● Problem statement
In the entries below, find the line containing "Przedłużacz bębnowy Vayox" and the line containing "原材料:玄米・胚芽押麦・もち". Copy those two lines and everything between them exactly, without the pictures.

════════════════════

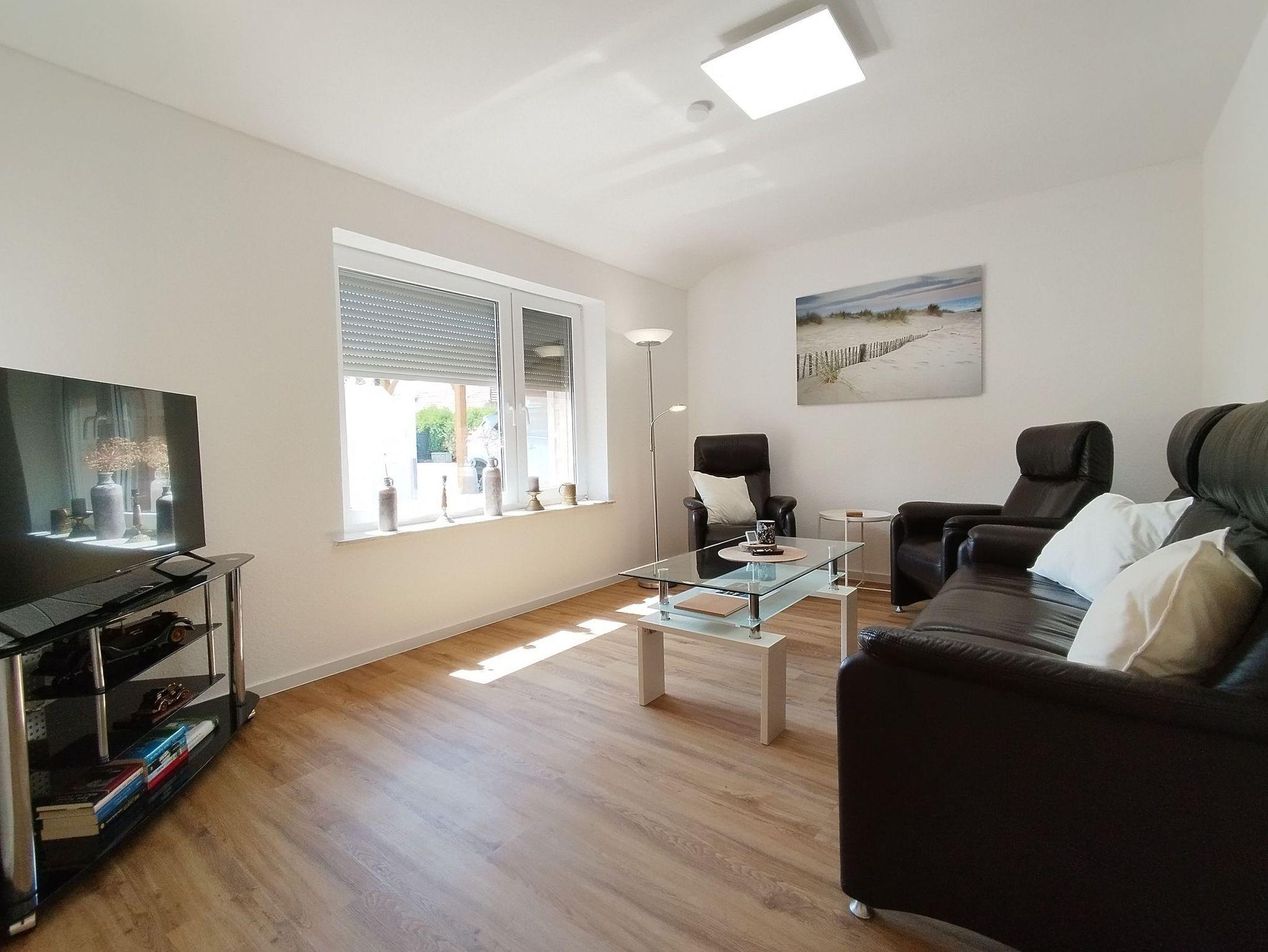 Wohnzimmer mit Sitzecke und Fernseher. Die Wohnung ist mit einer Fußbodenheizung ausgestattet (Flur und Schlafzimmer zwei sind mit Heizkörpern ausgestattet.)
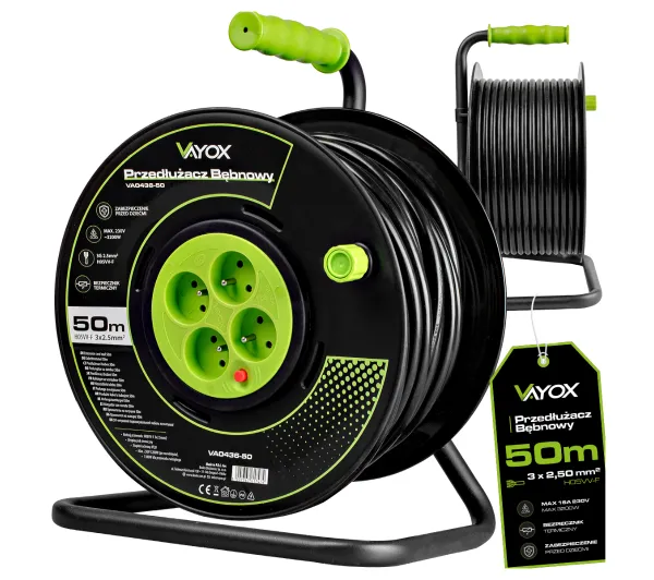 Przedłużacz bębnowy Vayox VA0436-50 4 gniazda 50m Czarny
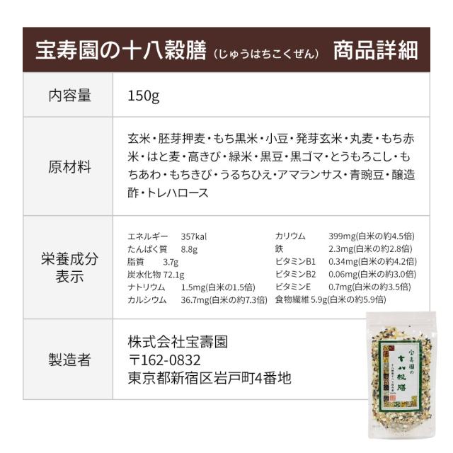 原材料:玄米・胚芽押麦・もち黒米・小豆・発芽玄米・丸麦・もち赤米・はと麦・高きび・緑米・黒豆・黒ゴマ・とうもろこし・もちあわ・もちきび・うるちひえ・アマランサス・青豌豆・醸造酢・トレハロース
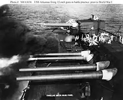 De inicios de 1932 a inicios de 1934, el Arkansas regresó a la flota del Pacífico, seguido por otro viaje por Europa a finales de año. Después del estallido de la Segunda Guerra Mundial en septiembre de 1939, fue asignado a la fuerza de reserva para las Patrullas de Neutralidad. Apoyó en la ocupación de Islandia en julio de 1941 como escolta de convoyes de buques de tropas. En noviembre, cuando se hizo cada vez más evidente que los Estados Unidos entrarían a la guerra, el Wyoming fue reasignado como una embarcación de entrenamiento de artillería, papel en que sirvió el resto de la guerra. Mientras tanto, el Arkansas continuó en servicio en la primera línea durante la guerra, primero como escolta de convoyes hacia África del Norte, y después como embarcación de bombardeo costero. Apoyó en los desembarcos de Normandía en junio de 1944, disparando contra posiciones alemanas en la playa de Omaha, antes de bombardear Cherburgo a finales de ese mismo mes. Su siguiente misión de bombardeo fue en la operación Dragoon, la invasión al sur de Francia en agosto de ese año. Después fue transferido al teatro de operaciones del Pacífico para combates contra fuerzas japonesas. Bombardeó las posiciones de Iwo Jima en febrero de 1945, y de Okinawa en abril.
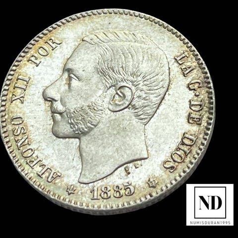 5 pesetas mønt af Alfonso XIII, præget i Madrid i 1896, vægt 25,00 g sølv, stand uden certifikat. Klik på den blå "gå til varen" knap, for at købe eller byde på denne vare. Den samlede pris vil blive vist inden du afgiver dit bud.

════════════════════

● Written solution
 Przedłużacz bębnowy Vayox VA0436-50 4 gniazda 50m Czarny
 原材料:玄米・胚芽押麦・もち黒米・小豆・発芽玄米・丸麦・もち赤米・はと麦・高きび・緑米・黒豆・黒ゴマ・とうもろこし・もちあわ・もちきび・うるちひえ・アマランサス・青豌豆・醸造酢・トレハロース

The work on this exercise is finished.